BaseDetector: Shared interface for all anomaly detectors in  telemetry_anomdet.

Design
------
All detectors in this library follow PyOD convention.

    fit(x): Train the model on the provided data, sets post-fit attributes.
    predict(x): Return binary labels (0 for normal, 1 for anomaly).
    decision_function(x): Return anomaly scores (higher means more anomalous).
    is_anomaly(x): Boolean mask. Supports runtime thresholding override.

Input Convention
----------------
All detectors accept X of shape (n_windows, window_size, n_features). Classical detecrtors flatten X internally 
using feature_stat(). Sequence detectors (GDN, TranAD) consume X directly. 
The caller never maneges this distinction.

Post-fit Attributes
----------------
After fit(), every detectror exposes:

    decision_scores_: np.ndarray (n_windows,) Training anomaly scores.
    threshold_:       float                   Score cutoff from training.
    labels_:          np.ndarray (n_windows,) Binary labels from training (0 normal, 1 anomaly).
"""

from __future__ import annotations

from abc import ABC, abstractmethod
from pathlib import Path
import pickle

import numpy as np


[docs]
class BaseDetector(ABC):
    """
    Abstract base class for all anomaly detectors in telemetry-anomdet.

    Parameters
    ----------
    percentile : float, default = 95.0
        Percentile of training anomaly scores used to set ``threshold_``.
        For example, 95.0 means the top 5% most anomalous training windows
        are labelled as anomalies by default. Must be in (0, 100).

    Attributes (set after fit)
    --------------------------
    decision_scores_ : np.ndarray, shape (n_windows,)
        Anomaly scores on the training data. Higher values indicate greater
        anomaly likelihood. Set by ``_set_post_fit()`` at the end of ``fit()``.
    threshold_ : float
        Score cutoff derived from ``decision_scores_`` at ``self.percentile``.
        Used as the default decision boundary in ``predict()`` and
        ``is_anomaly()``.
    labels_ : np.ndarray, shape (n_windows,)
        Binary anomaly labels on the training data. 0 = normal, 1 = anomaly.
        Derived from ``decision_scores_`` and ``threshold_``.

    Notes
    -----
    Subclasses must implement ``fit()`` and ``decision_function()``.
    All other methods are provided and should not need to be overridden
    unless the detector has non-standard scoring behavior.
    """

    def __init__(self, percentile: float = 95.0):
        if not (0.0 < percentile < 100.0):
            raise ValueError(
                f"percentile must be in (0, 100), got {percentile!r}."
            )
        self.percentile = percentile

        # Post-fit attributes; None until fit() is called!
        self.decision_scores_: np.ndarray | None = None
        self.threshold_: float | None = None
        self.labels_: np.ndarray | None = None


[docs]
    @abstractmethod
    def fit(self, X: np.ndarray, y: np.ndarray | None = None) -> "BaseDetector":
        """
        Train the detector on nominal telemetry windows.

        Subclasses must call ``self._set_post_fit(scores)`` at the end of
        this method, where ``scores`` are the training anomaly scores.
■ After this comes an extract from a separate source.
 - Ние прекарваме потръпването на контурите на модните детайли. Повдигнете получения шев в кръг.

This
        sets ``decision_scores_``, ``threshold_``, and ``labels_``
        automatically.

        Parameters
        ----------
        X : np.ndarray, shape (n_windows, window_size, n_features)
            Windowed telemetry tensor from ``windowify()``.
        y : np.ndarray, optional
            Ignored for unsupervised detectors. Present for API consistency.

        Returns
        -------
        self : BaseDetector
            Fitted detector instance, for method chaining.
        """

        ...

    

[docs]
    @abstractmethod
    def decision_function(self, X: np.ndarray) -> np.ndarray:
        """
        Compute raw anomaly scores for each input window.
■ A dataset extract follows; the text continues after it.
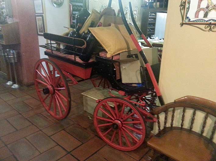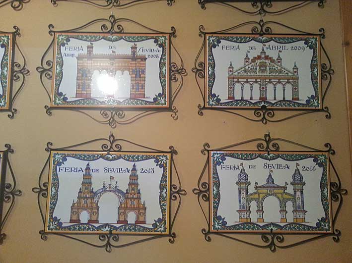 En La Montanera, en sus amplias dependencias , tambien hay una curiosa colección de azulejos de todas las portadas de Feria del siglo XXI; asi como un coche de caballos, una jardinera que hoy está de mero adorno, ( el único que hay en Sevilla ) pero que hace muchos años, en los dias de Feria la esperaba un caballo en la puerta del establecimiento con su guarnición al que lo enganchaban a la misma , y se iban y regresaban del Real .-

        Higher scores indicate greater anomaly likelihood. This is the
        core scoring method. All other scoring methods call this one.

        Parameters
        ----------
        X : np.ndarray, shape (n_windows, window_size, n_features)
            Windowed telemetry tensor from ``windowify()``.

        Returns
        -------
        scores : np.ndarray, shape (n_windows,)
            Anomaly score per window.
        """

        ...

    
    # Core methods (implemented by subclass)

[docs]
    def predict(self, X: np.ndarray):
        """
        Classify each window as normal (0) or anomalous (1).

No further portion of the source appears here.